Every store method accepts a keyword-only context: StoreContext | None = None argument. When a request comes in through a route handler the library fills this with structured metadata about the request:

@dataclass(frozen=True)
class StoreContext:
collection: str # collection name from config (e.g. "profile")
params: Mapping[str, str] # resolved path params (e.g. {"identity": "alice"})
identity: str | None # authenticated caller, or None for public routes
roles: tuple[str, ...] # resolved roles for this caller
action: str # "pull" | "push" | "list" | "delete"
namespace: str | None # set when route lives under a namespace mount

CustomObjectStore — receiving context in callbacks

Callbacks that accept an extra positional argument automatically receive the context. Callbacks written with the old single-argument signature continue to work unchanged — arity is sniffed once at construction time using inspect.signature.

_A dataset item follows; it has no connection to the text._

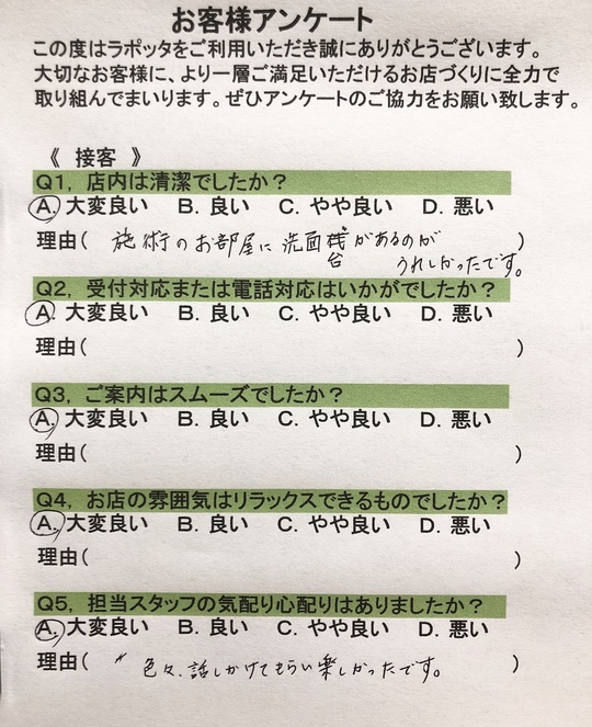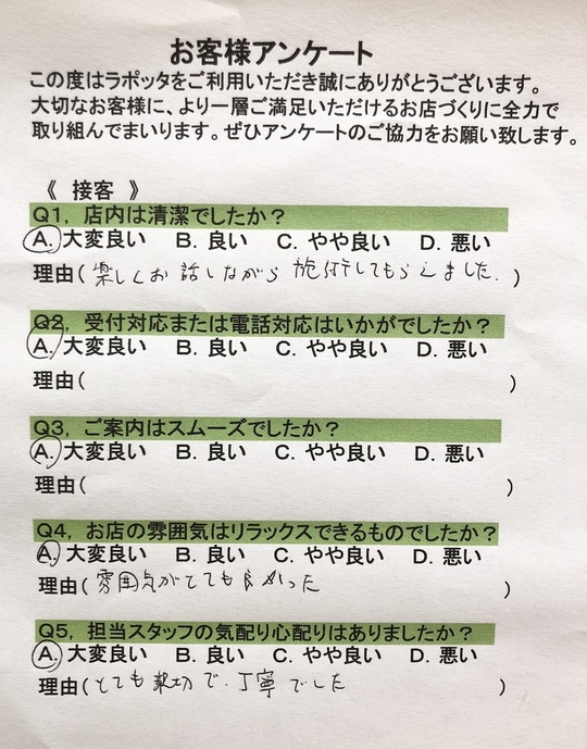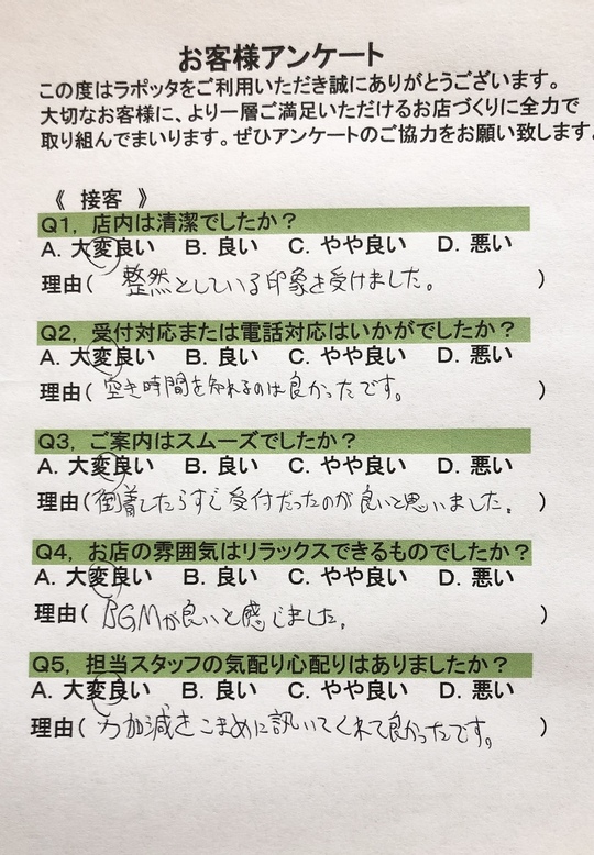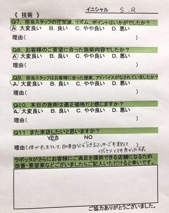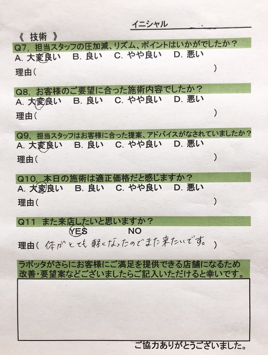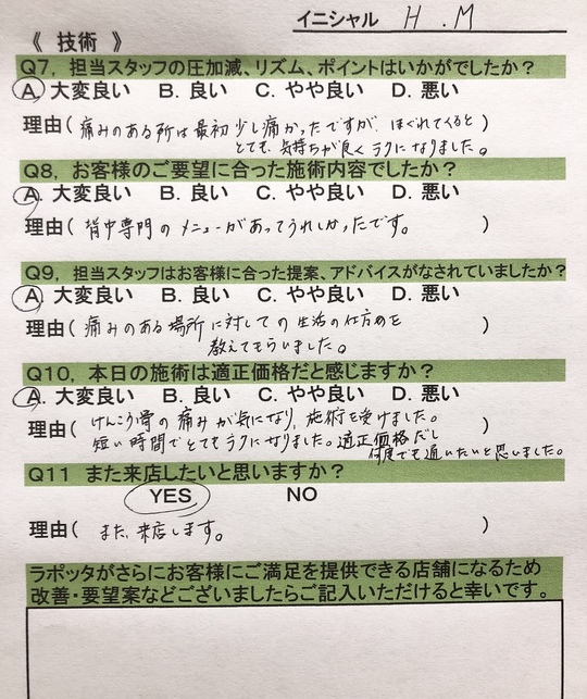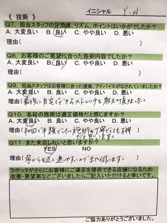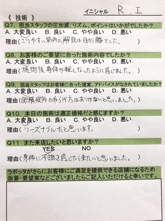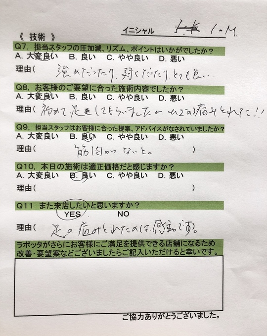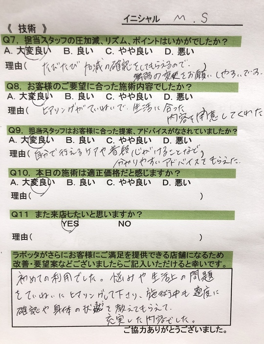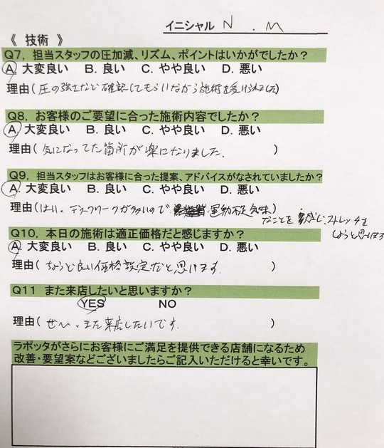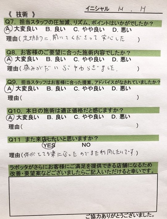 気になってた箇所が楽になり何よりでございます。圧が強めの施術になってしまったのですが、施術中もしかしたら少し痛かったかもしれません。。首に負担かからない程度に肩を回したり、ストレッチしたりなどしてみてくださいね。

from starfish_server import CustomObjectStore

# Old-style — still works, ctx is never passed
store = CustomObjectStore(
on_get=lambda key: my_backend.get(key),
)

# New-style — receives full request context
async def on_put(key: str, body: str, ctx) -> None:
print(f"{ctx.identity} pushed to {ctx.collection}")
await my_backend.set(key, body)

store = CustomObjectStore(on_put=on_put)

System-internal calls (replica sync, config loading, enrichers) pass None — treat a missing context as "no request context available".